Giter Site home page Giter Site logo

polymorphic_integer_type's Introduction

PolymorphicIntegerType

Rails' polymorphic associations are pretty useful. The example they give to set it up looks like:

class Picture < ActiveRecord::Base
  belongs_to :imageable, polymorphic: true
end
 
class Employee < ActiveRecord::Base
  has_many :pictures, as: :imageable
end
 
class Product < ActiveRecord::Base
  has_many :pictures, as: :imageable
end

With a migration that looks like:

class CreatePictures < ActiveRecord::Migration
  def change
    create_table :pictures do |t|
      t.string  :name
      t.integer :imageable_id
      t.string  :imageable_type
      t.timestamps
    end
  end
end

The problem with this approach is that imageable_type is a string (and by default it is 255 characters). This is a little ridiculous. For comparison, if we had a state machine with X states, would we describe the states with strings "State1", "State2", etc or would we just enumerate the state column and make it an integer?
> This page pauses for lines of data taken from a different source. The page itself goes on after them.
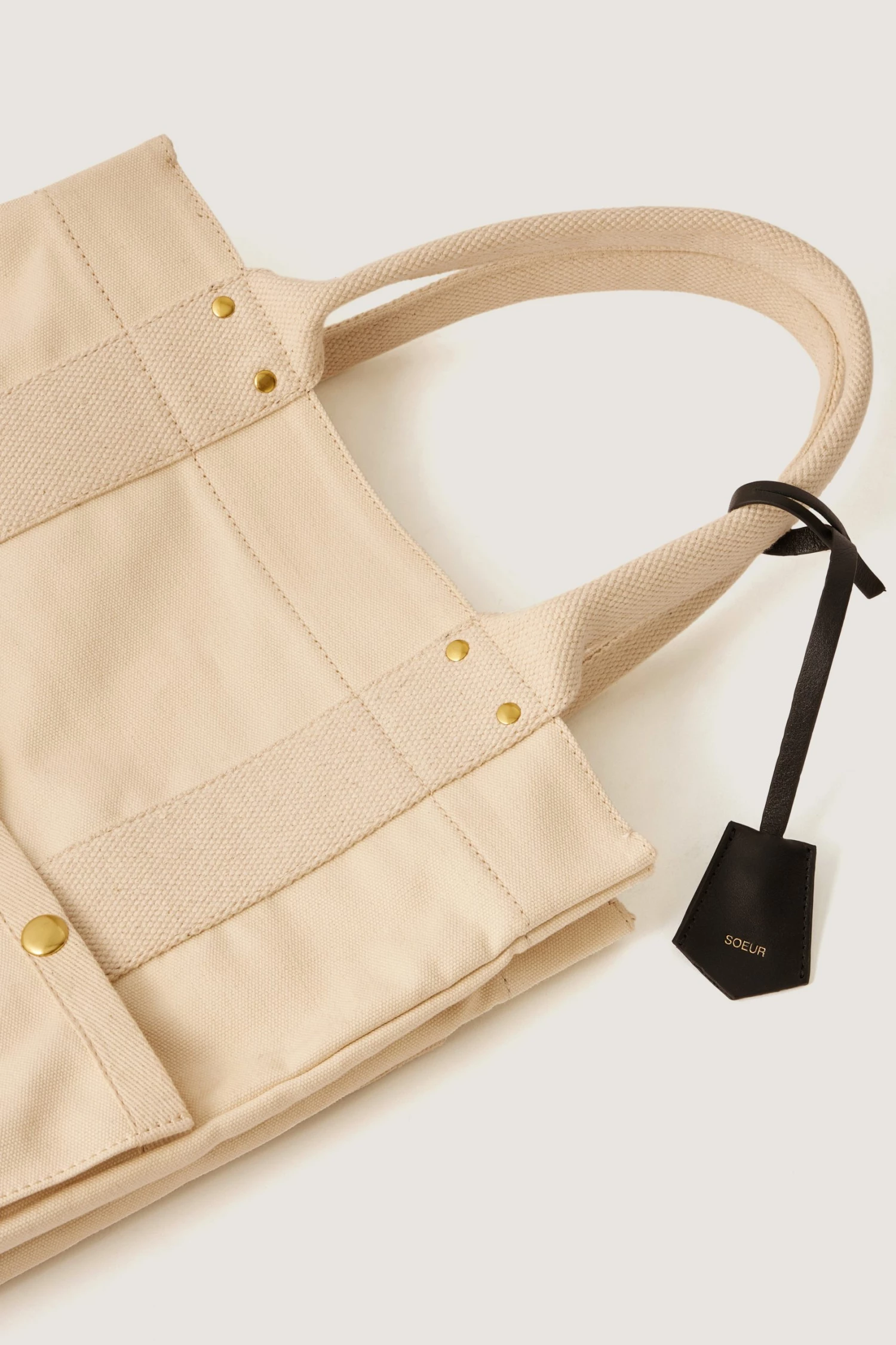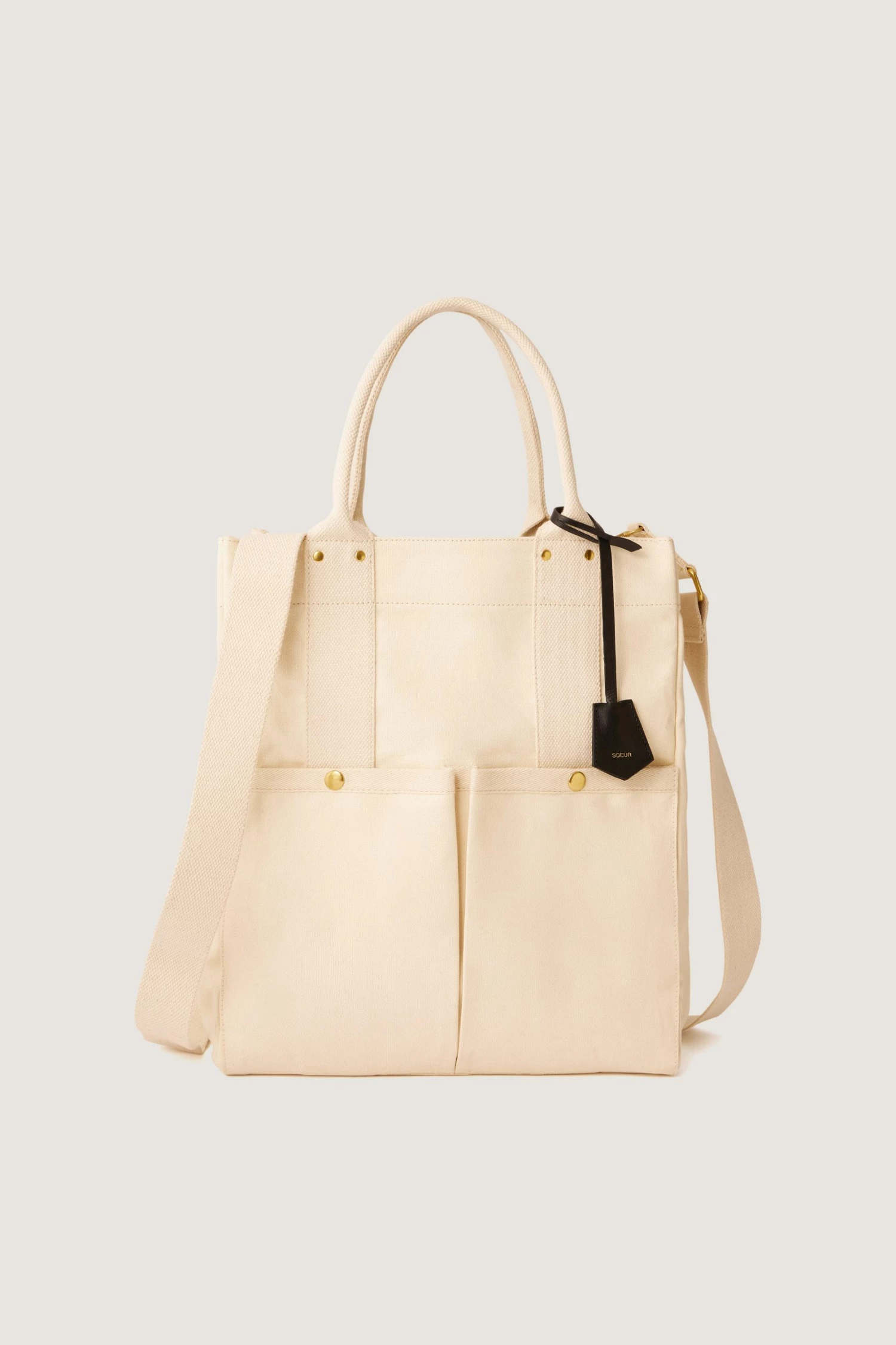 Safari est un sac cabas multipoches en toile pratique et élégant. Sa forme verticale permet de faciliter l’organisation du sac et pouvoir y mettre un ordinateur. Il se porte à la main avec les anses en coton ou en bandoulière grâce à la sangle.
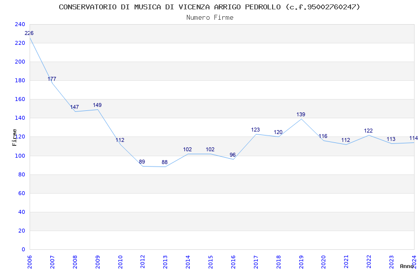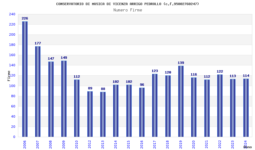 | Anno | Firme | Importi | Media | Naz. | Reg. | Prov. | Comu. |
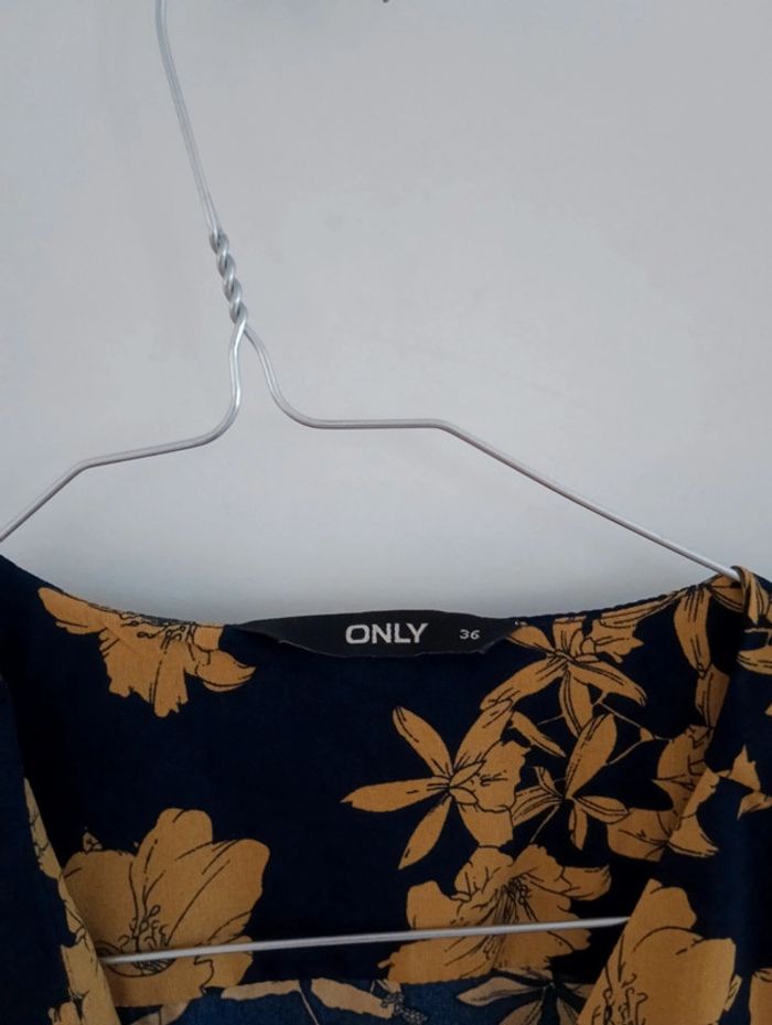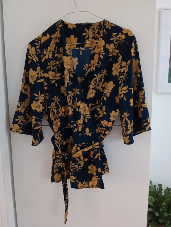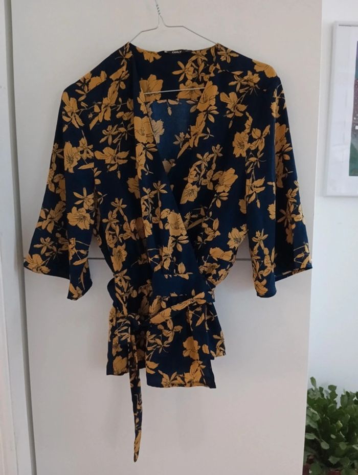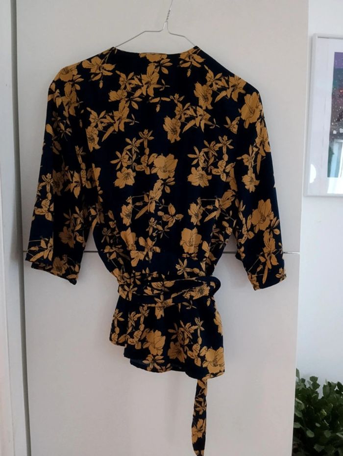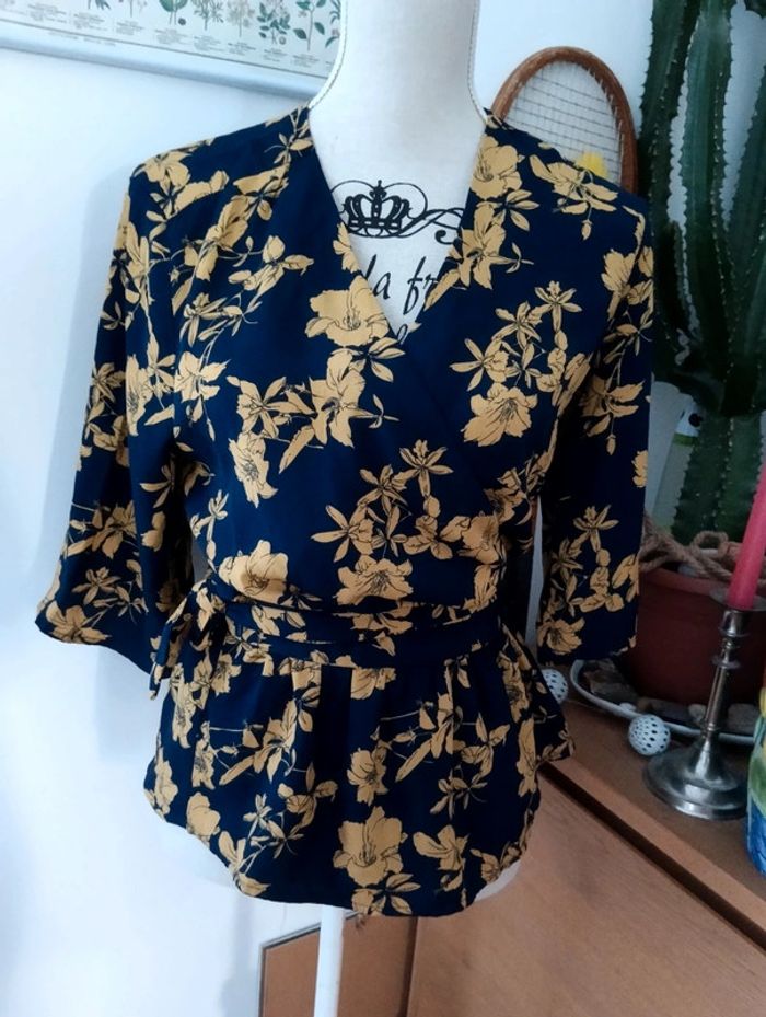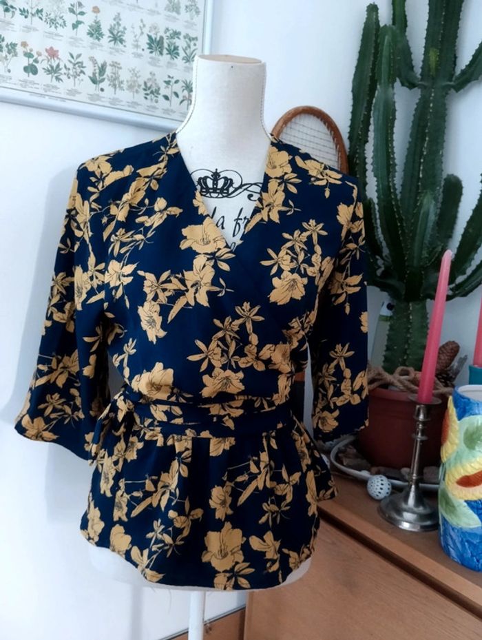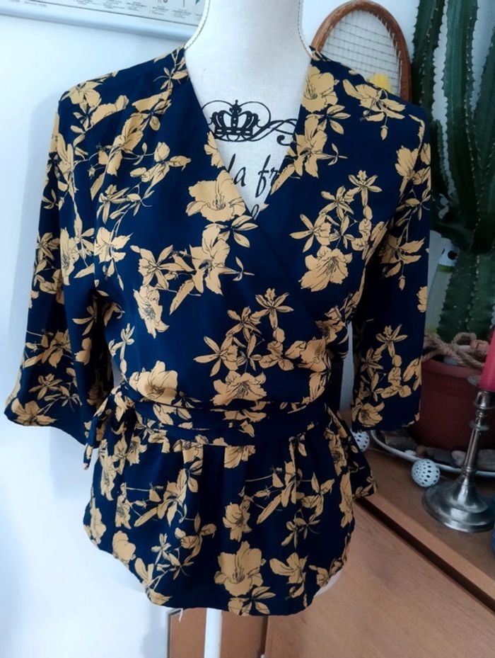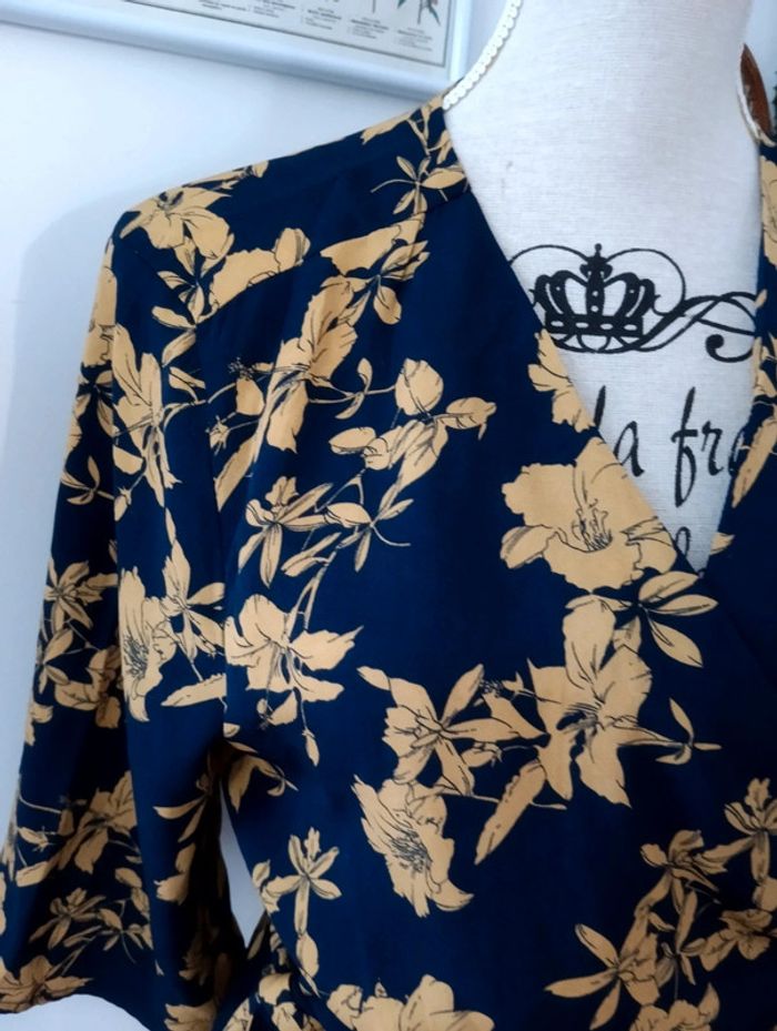 Blouse cache coeur Marine fleurs moutarde Manches 3/4 Taille 36 Pas d'indication de matière, peut être un mélange viscose polyester
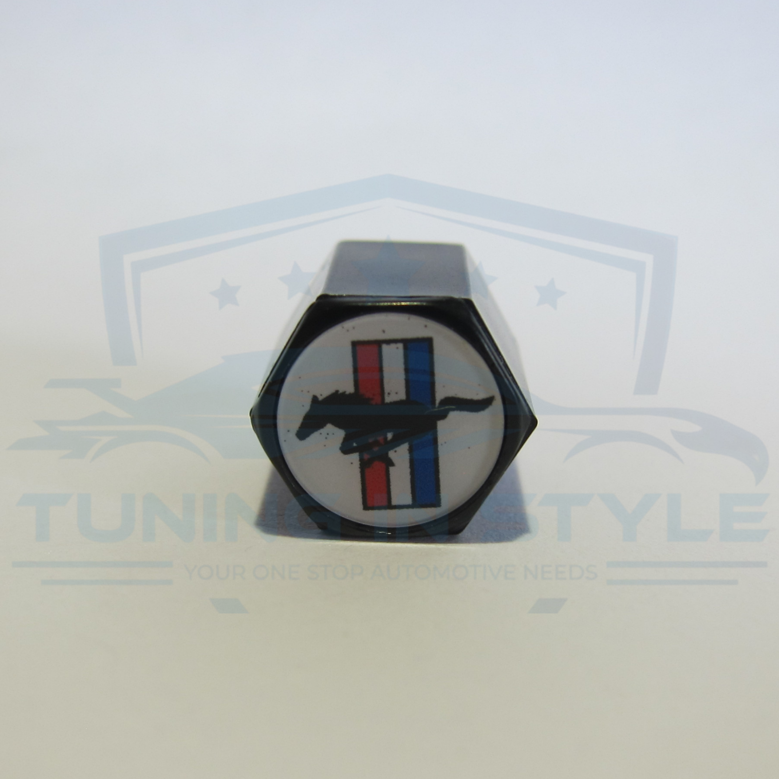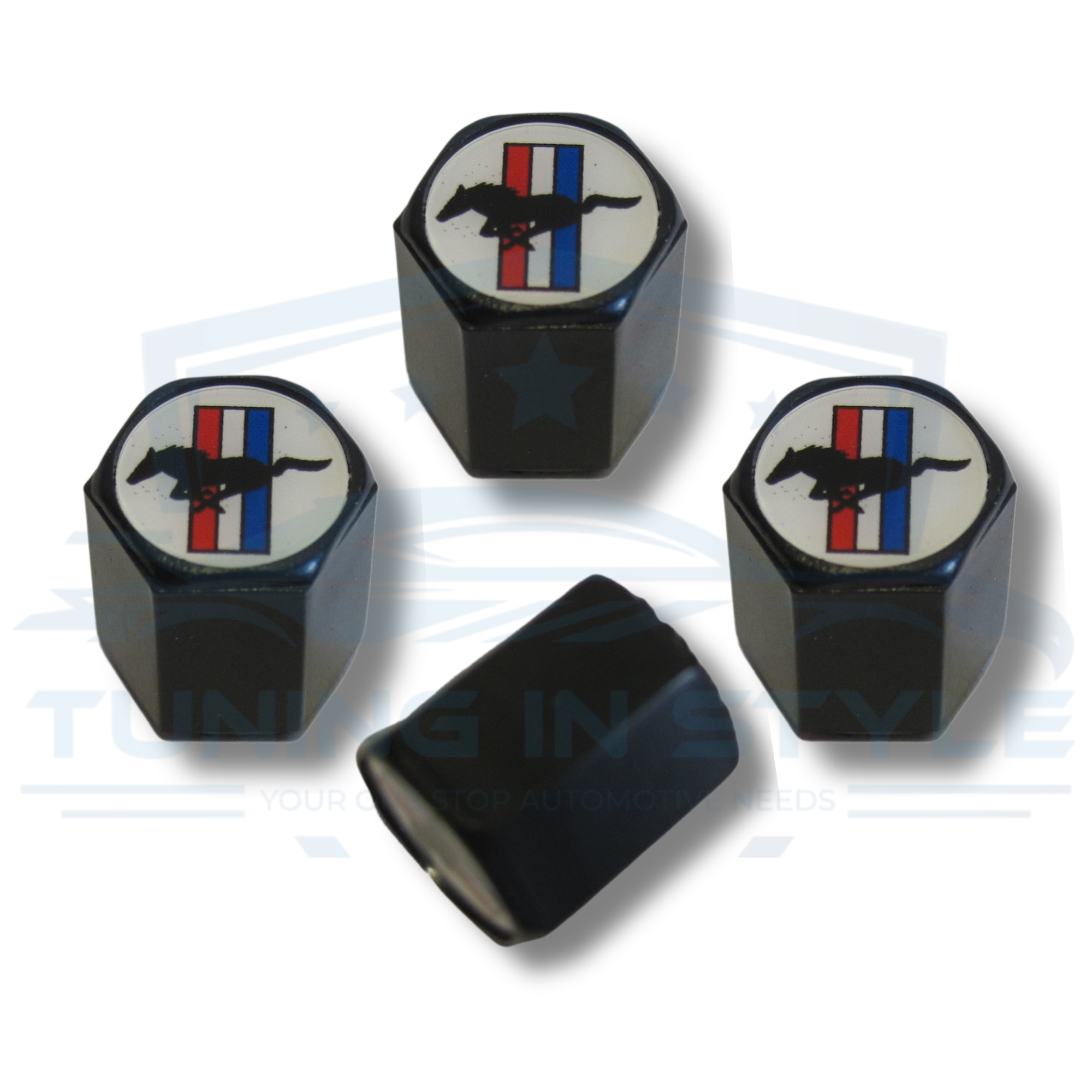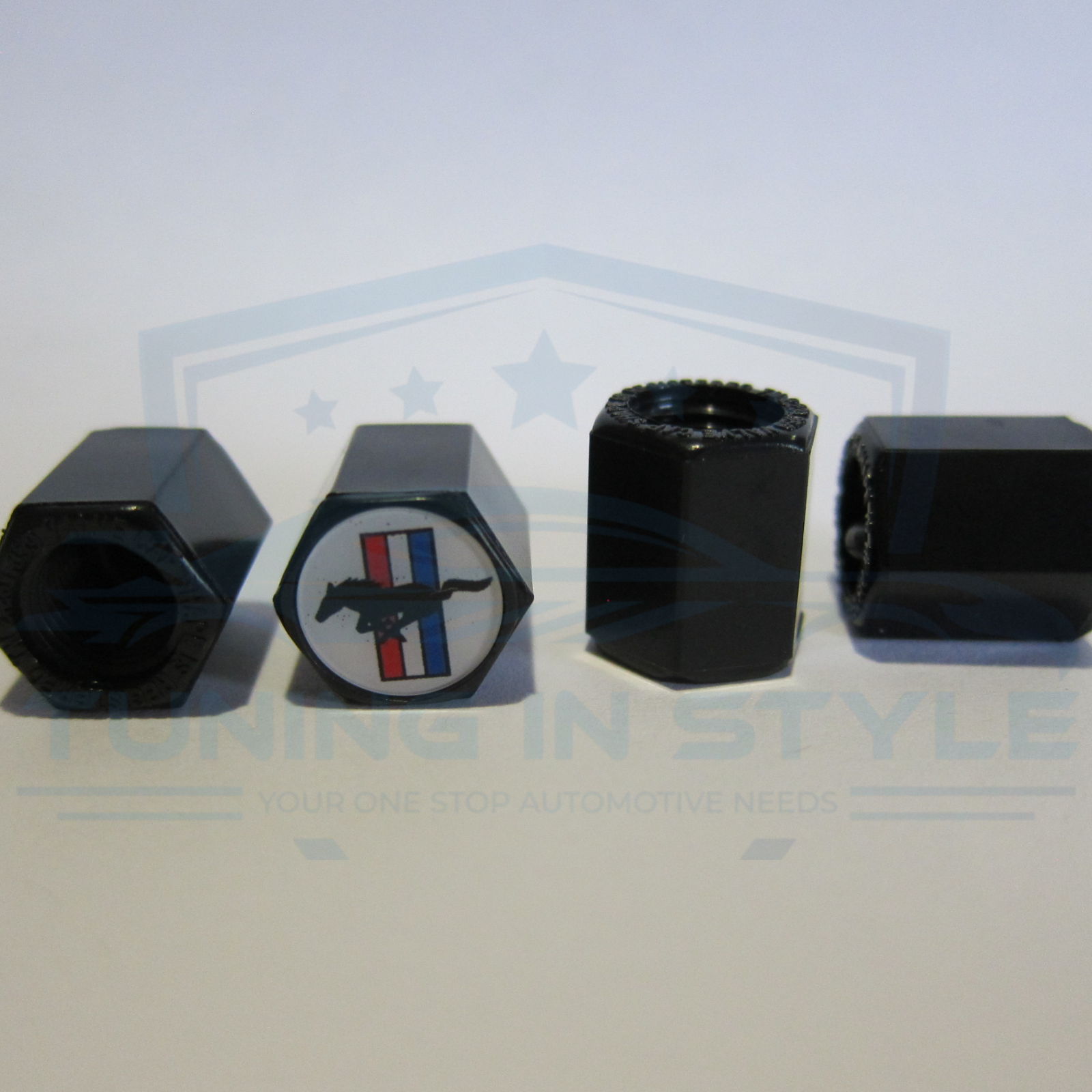 4pcs Ford Mustang Tri Bar Logo ABS Black Tire Stem Valve Caps Official Licensed

This gem will allow us to use an integer for the imageable_type column.

Installation

Add this line to your application's Gemfile:

gem 'polymorphic_integer_type'

And then execute:

$ bundle

Or install it yourself as:

$ gem install polymorphic_integer_type

For Rails 3.2 use version < 2. Version >= 2 has been tested on Rails 4.2 and Ruby 2.1

Usage

For the model where the belongs_to is defined, include PolymorphicIntegerType::Extensions and set the polymorphic: option to a hash that maps an integer stored in the database to the name of a Ruby class.

class Picture < ActiveRecord::Base
  include PolymorphicIntegerType::Extensions

  belongs_to :imageable, polymorphic: {1 => "Employee", 2 => "Product"}
end

Next, include PolymorphicIntegerType::Extensions into any of the models that point back to the polymorphic integer type association (e.g., Picture#imageable) and add a polymorphic association using as:.

class Employee < ActiveRecord::Base
  include PolymorphicIntegerType::Extensions

  has_many :pictures, as: :imageable
end
 
class Product < ActiveRecord::Base
  include PolymorphicIntegerType::Extensions

  has_many :pictures, as: :imageable
end

External mappings

You can also store polymorphic type mappings separate from your models. This should be loaded before the models. Putting it in an initializer is one way to do this (e.g., config/initializers/polymorphic_type_mapping.rb)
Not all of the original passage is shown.